Even before the Spanish colonization, gambling is said to have already been present in the Philippines. Although there are no exact records when gambling was first practiced in the archipelago, it is possible that some forms were introduced by the Chinese in the late sixteenth century. Due to the proximity of the two countries, many local Chinese would go to the Philippines for business and profit, engaging in different trades and activities. On Magellan’s voyage to the Philippines, it was noted in the accounts of Antonio Pigafetta, that he had already witnessed bets being placed on cockfights when his ship arrived in Palawan in 1521.

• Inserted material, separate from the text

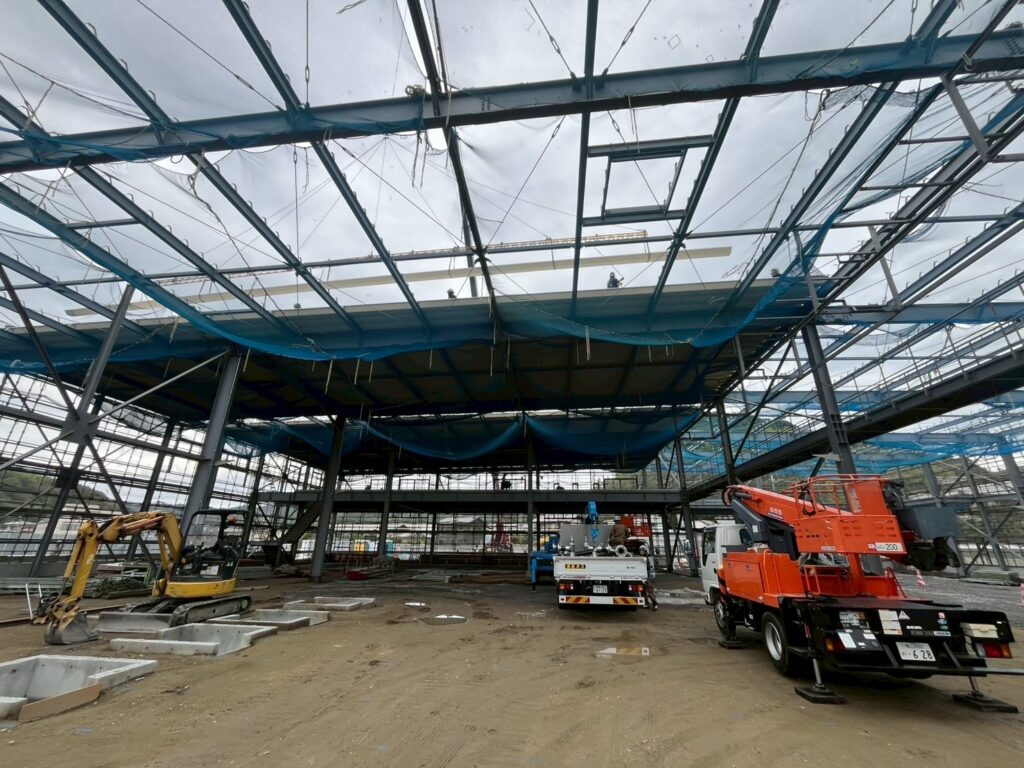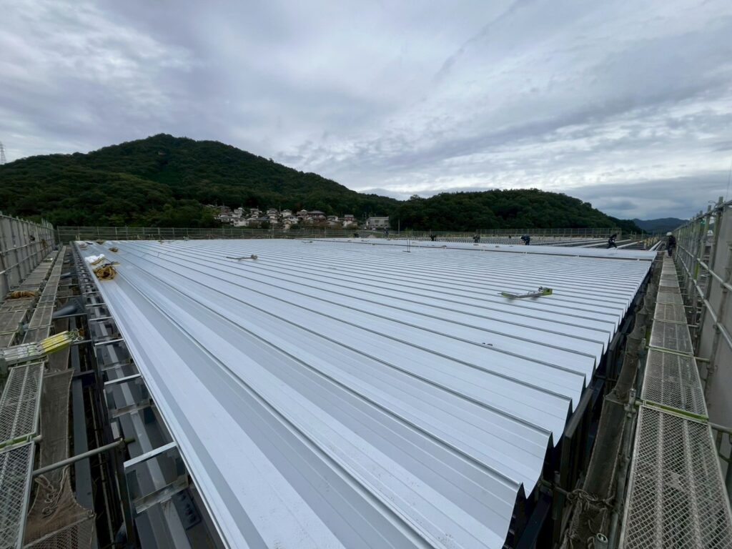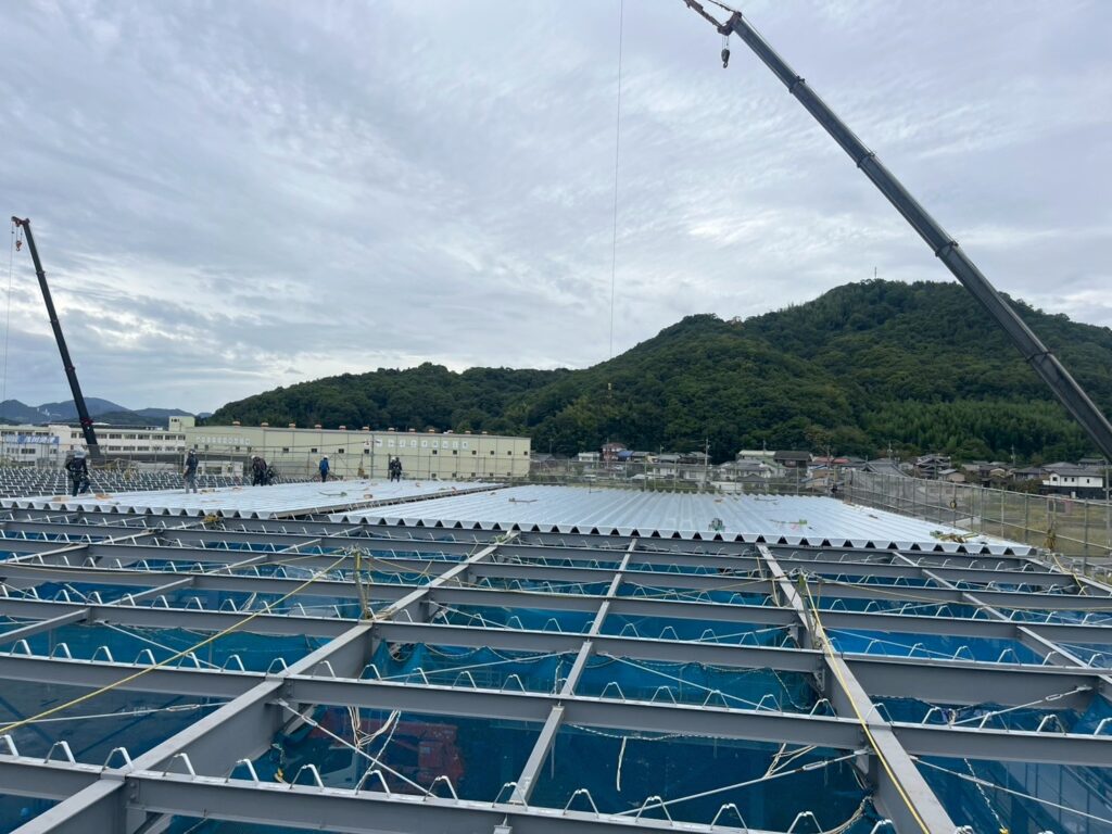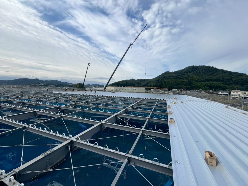 S社さま大型製造工場建設現場レポート 屋根葺き工事完了[岡山工場倉庫建築]

=== Growing popularity ===

During the Spanish colonial period, gambling became institutionalized in the forms of cockpits, card parlours, billiard halls, and the like. Around the early to mid-19th century, lotteries and horseracing had been introduced. Casinos had also been established at that time. It had then become a problem for the Spanish colonizers; it was noted in the account of Antonio Morga that men in Manila had grown accustomed to gamble for enormous and excessive stakes, and gambling had become prevalent in all sectors of society. Due to its detrimental effects, the colonial government took steps to suppress these activities, but this had little effect and by majority of the 19th century, this had become a national phenomenon.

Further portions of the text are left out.